Maestro

Watching a narrative film made in Hollywood is a lot like riding a skateboard downhill; you look to find your point of balance and once that’s established, gravity will do the rest. That said, I found Maestro a difficult film to find my balance on.  

Generally, watching such a film is a very simple matter. You’re given a clearly demarcated protagonist mapped out across a beginning, a middle and an end: all that’s left for you to do is sit there and the experience will be delivered, more or less like a pizza. It’s what big-budget Hollywood specialises in, and generally guarantees.

Anyone who has watched films made outside that market will be aware that the only absolute definition of a film is to say that there will be a start and a finish and anything else can happen in between. Story is not the essential condition.

Films are often called ‘experimental’ if they don’t have a story, and in some respects, Maestro seems to fall closer to this definition, whether that is by accident or design.

The key to this is Bradley Cooper. His name is all over it: he plays the lead role of Leonard Bernstein in a film he has written, directed and also produced.

Cooper is famous as an actor, and it is safe to assume that by virtue of that success he has been able to secure the opportunity to make a film that allows him so many offices, and what appears to be so much control.

The first name to come up during the final credits – archival footage of the maestro conducting, the eponymous genius in full flight – is the producer’s credit for Martin Scorsese.

Scorsese is known not only by his status as a maestro, but by a long, successful career during which he has successfully navigated the marketplace.

Scorsese’s most recent film, Killers of Flower Moon, is an indigenous story. Cooper’s film, according to Netflix, is an LGBTQI+ story. For white male members of the establishment, working within the current marketplace’s taste for ideologically correct entertainment is a condition of this period of history, which places Maestro at an interesting counterpoint to Tar.  

Cooper’s film is best described, in terms of both its strengths and weaknesses, as having been made by someone who understands filmmaking as an actor. An actor delivers a performance, and does so on the basis of their skill.

The two leads, Cooper and Carey Mulligan, who plays Bernstein’s wife, Felicia Montealegra Bernstein, provide absolutely stunning performances. The film begins in a somewhat cliched way, with Bernstein being interviewed.

He quotes a poem by Edna St. Vincent Millay, that his now deceased wife had used to make an observation about him and his lust for life.

From here, the film presents a retrospective in chronology, although not necessarily connected through causality, to build a portrait of these characters and their marriage, which is made complex by Bernstein’s bisexuality and the fame that gives him license to do whatever he wants.

Bernstein seemingly crossed a lot of personal and professional lines, which is especially confronting within a post ‘me too’ rubric.  

These scenes, particularly once the film shifts from black and white to colour, are magnificently composed, and demonstrate what mainstream Hollywood does so well, which is to create an idealised reality in a given time period.

This requires a lot of cash. For that reason, these kinds of scenarios are rarely seen outside of big-budget American films.

As far as establishing insight into the characters and their relationships, the film is a little less effective. Many scenes appear to be chosen for their impact as spectacle, rather than character development.
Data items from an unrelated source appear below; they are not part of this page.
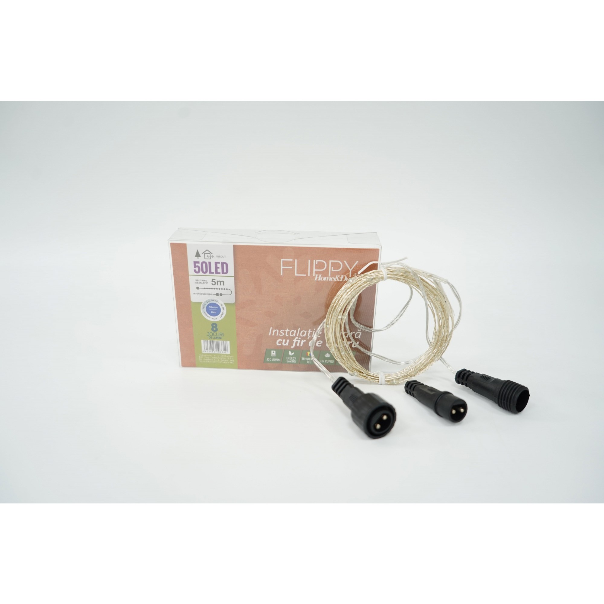 Instalatie Craciun, 50 m, 500 Led-uri, Liniara, Alb Cald, 8 jocuri de lumini, Transformator, Interconectabila, Prelungitor 3 m inclus, Fir Cupru, Flippy
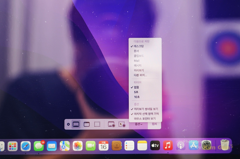 메뉴 화면에서는 다양한 옵션을 선택할 수 있는데요. 저장 위치나 미리 보기 시간 설정 등 디테일한 설정을 바로 할 수 있습니다. 옵션은 선택된 캡처 메뉴에 따라 달라지는데, 화면 녹화가 선택되면 옵션 메뉴에 맥에 내장된 마이크를 활성화할 수 있습니다.
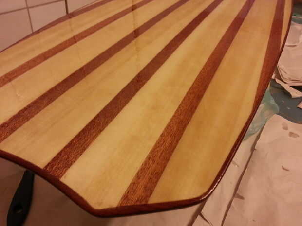 Coloque la Junta en una postura y aplique una capa caliente. Un abrigo caliente es una fina capa de epoxi. Esta capa se retire llenar el paño de fibra de vidrio y hacerlo más fuerte y con un acabado más agradable. Aplicar una fina capa de epoxi sobre los rieles, así. También es posible aplicar una fina capa de fibra de vidrio en los rieles, pero no veo esto necesario si utiliza rieles de madera. La madera de cumaru es muy duro y resistente al agua, se hunde en el agua.
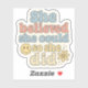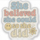 Add a dose of confidence and color to your day with this retro-inspired "She believed she could so she did" sticker. Designed with bold bubble letters and cheerful details like smiley faces and flowers, it’s perfect for laptops, water bottles, journals, or gifts that inspire! A cute way to spread girl power and good vibes.
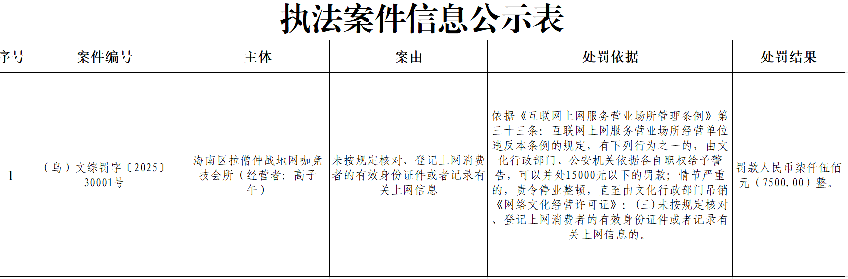 | 索??引??號 | 11150300011556741W/2025-03720 | 發(fā)文字號 | (烏)文綜罰字〔2025〕30001號 | ||||||
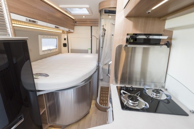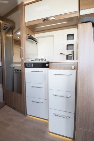 Rapido a réussi à loger une vraie cuisine en L. Le bloc est nanti d’un évier en Inox et d’un réchaud deux feux dont les abattants peuvent servir de plan de travail. Le réfrigérateur est un modèle étroit d'une capacité de 135 l .

The best example of this is probably Bernstein’s conducting of Mahler’s resurrection symphony at Ely Cathedral, one of the maestro’s most famous performances.

I found it difficult to understand why the scene had been chosen, and how it related to what I had seen before it. However, it is such a stunning set-piece, and such an overwhelmingly affecting piece of music, it swiftly carried me away.

One thing that’s for sure, though, is that Cooper and Mulligan understand their characters intimately. The film hits high gear once Montealegra is diagnosed with cancer, and every scene after that revolves around her dying; the emotional impact on her, and the effect on the family around her.

In this regard, I consider Maestro to be a resounding success. It’s a tableau of scenes that might not deliver a complete narrative experience, in the way someone going to a film of this kind would expect.

It does, however, provide bravura music and visuals as the platform for two tour-de-force performances and may, in that sense, qualify as something of a masterpiece.